The Importance of Suppressing Complete Reconstruction in Autoencoders for Unsupervised Outlier Detection
Autoencoders are widely used in outlier detection due to their superiority in handling high-dimensional and nonlinear datasets. The reconstruction of any dataset by the autoencoder can be considered as a complex regression process. In regression analysis, outliers can usually be divided into high leverage points and influential points. Although the autoencoder has shown good results for the identification of influential points, there are still some problems when detect high leverage points. Through theoretical derivation, we found that most outliers are detected in the direction corresponding to the worst-recovered principal component, but in the direction of the well-recovered principal components, the anomalies are often ignored.
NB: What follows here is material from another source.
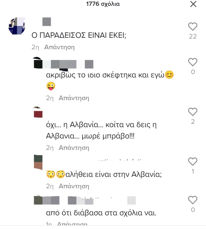 Πάντως σε βίντεο που ανέβηκε πρόσφατα στην πλατφόρμα του Tik Tok και το «σέρβιρε» ο αλγόριθμος στο ελληνικό κοινό, είδαμε δεκάδες σχόλα έκπληκτων Ελλήνων χρηστών που δεν μπορούσαν να πιστέψουν ότι αυτό το μέρος βρίσκεται «κρυμμένο» στην Αλβανία και όχι σε κάποια χώρα της Καραϊβικής.
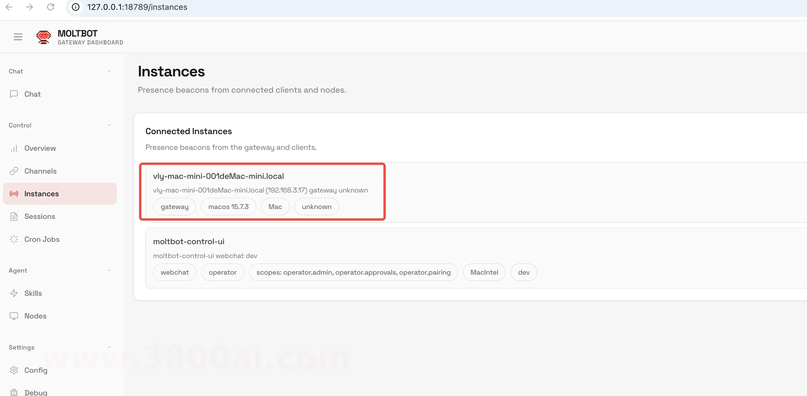 部署完成会自动打开后台网页,这时就可以看到我们的Mac Mini已经在线了。

We propose a new loss function which solve the above deficiencies in outlier detection. The core idea of our scheme is that in order to better detect high leverage points, we should suppress the complete reconstruction of the dataset to convert high leverage points into influential points, and it is also necessary to ensure that the differences between the eigenvalues of the covariance matrix of the original dataset and their corresponding reconstructed results in the direction of each principal component are equal. Besides, we explain the rationality of our scheme through rigorous theoretical derivation. Finally, our experiments on multiple datasets confirm that our scheme significantly improves the accuracy of outlier detection. Outlier detection refers to the process of identifying data points that deviate significantly from normal data point clusters. For multidimensional data points, there are various outliers.